Posted by Menzie Chinn at March 12, 2010 11:05 AMdigg this | reddit
menzie: you can make all the arguments you want for govt spending but the facts keep getting in your way. Increase minimum wage? Now a noted economist estimates it cost 500k jobs. Not coming back. Increase transfer payments for "middle class"? Now more than 1/3 of tax filers pay no tax per IRS. Claim healthcare system does not incentivize savings because 3rd party payor. Now 1/3 of people have no incentive to rein in govt spending. Govt can not produce as well as private sector. We will now have people permanently on govt payroll. I hope you do not have children.

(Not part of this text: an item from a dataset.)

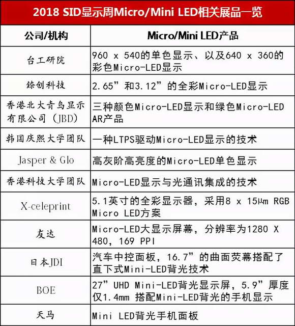 在2018 SID顯示周上,臺工研院、錼創(chuàng)科技、香港北大青鳥顯示有限公司(JBD)、韓國慶熙大學(xué)團隊、Jasper & Glo、香港科技大學(xué)團隊、X-celeprint、友達(dá)、日本JDI、BOE、天馬紛紛展示了Mini LED 和Micro-LED的最新產(chǎn)品。
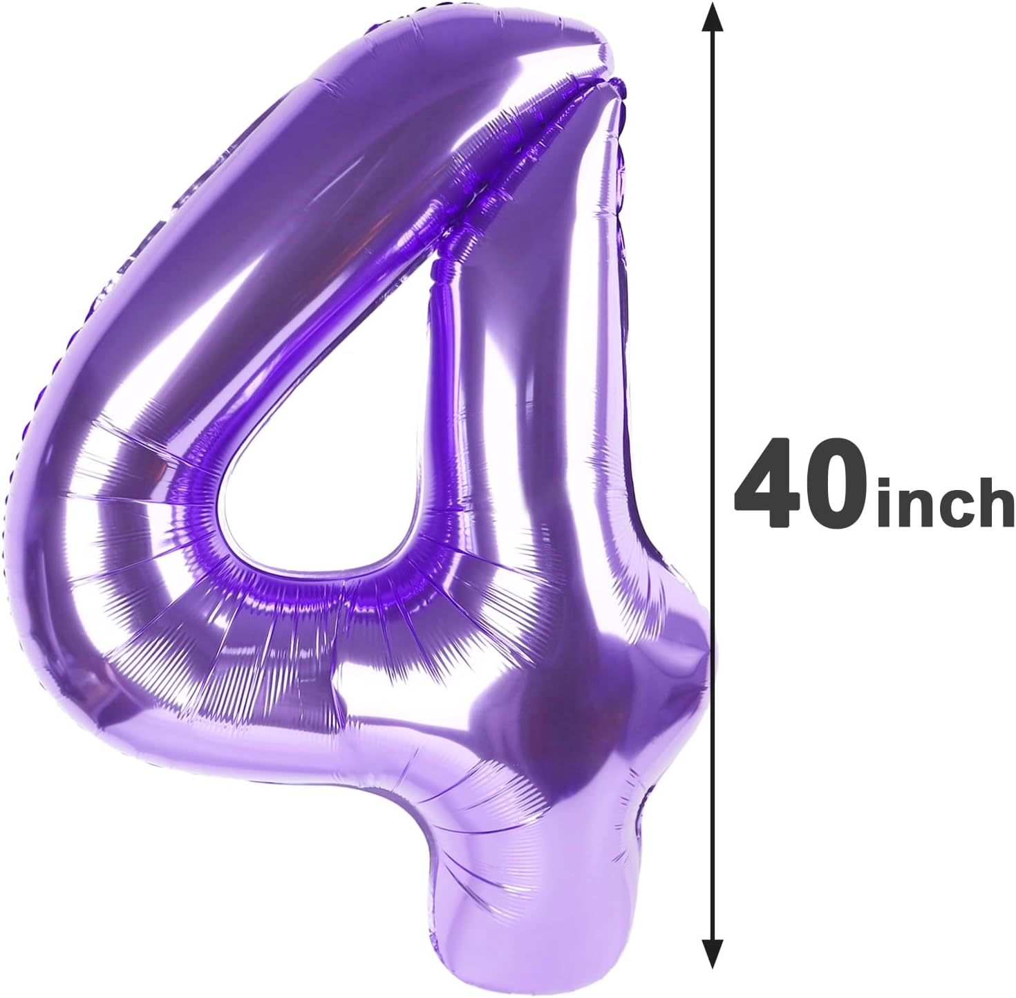- 1.Noble Romantic Purple Number Balloons: You will receive an uninflated 40 inch 4 purple number balloon. Balloons are always the best statement of romance surprise. Big four balloon symbolize eternal magical, adding glamour to purple birthday parties. Elegant purple and huge size make purple number 4 balloon a highlight of special parties. Choose one or more numbers from 0-9 number balloon, and use 4 14 24 34 40 44 54 64 84 94 birthday balloons to create a lively charming party!

This will be worse than Carter years.
Posted by: tim kemper at March 13, 2010 12:09 PM
How do CBO projections for Medicare and Medicaid compare to the actual costs of those programs? Also, how should one respond to the statements made by Paul Ryan during the Health care summit?
Posted by: Alex B at March 13, 2010 08:35 PM
I agree, everyone should review Paul Ryan's statements. I think the problems he identifies are behind much of America's skepticism regarding Obama's claims that Obamacare will not raise the deficit one dime. Move nearly $400 billion of Obamacare related spending ('doc fix') out of the fill so that the bill is 'budget neutral'. Count $.5 trillion of medicare 'savings' to offset Obamacare spending while Medicare is already paying out more than it brings in. Why not use medicare savings to shore up medicare? It's lunacy to base conclusions of any sort on the CBO numbers. Noble cause, but poorly timed and poorly executed. Fix the economy, fix existing entitlements, then America will be more open to fixing health care.
Posted by: tj at March 14, 2010 08:08 AM
I simply do not believe the estimates. As Alex B. notes, recall the original estimates for medicaid. And counting medicaid savings is fraud. That program is unustainable in its current form, so its savings should be used to salvage it, not to justify further increases in medical aid spending. The end may be justified, but we need to own up to the basic truths in our budget now, not pretend that further expansions won't worsen the problem.
Posted by: don at March 15, 2010 07:23 PM
I have a similar question to Alex. How does a place like the CBO still have credit? I understand that it is bi-partisan, but it continually gets its estimates wrong, and not by a little, but by a lot.
Posted by: Tom Long at March 15, 2010 08:16 PM
A couple of thought questions for you:
How would CBO score an increase in all tax rates to 90%?
How would CBO score a total ceasing of services for 12 months with no decrease in taxes?
Posted by: RicardoZ at March 16, 2010 05:34 AM
don, Alex B, Tom Long: CBO is required to forecast/project under current law, or score under proposed law. The eventual costs of various programs deviated from these scores in part because of changes to the programs due to subsequent legislation. So the prediction errors are a composite of misestimate in the usual sense, and in failures to predict future legislation. I do not see how one can overcome the issue of the second component. After all, my guesses about future legislation likely differ from yours, which seem to incorporate some high speed trip down "The Road the Serfdom". By the way, if you care to look at statistics (as opposed to merely stating talking points), you should look at the various studies comparing OMB, CBO and private sector forecasts of GDP...and see if you want to still make your stark assertions about CBO forecasting.
Posted by: Menzie Chinn at March 16, 2010 12:22 PM
The CBO is highly reputable. I do not think any one is calling into question their methods. Everyone knows that they score what they are given. The question is and always has been, what are they given?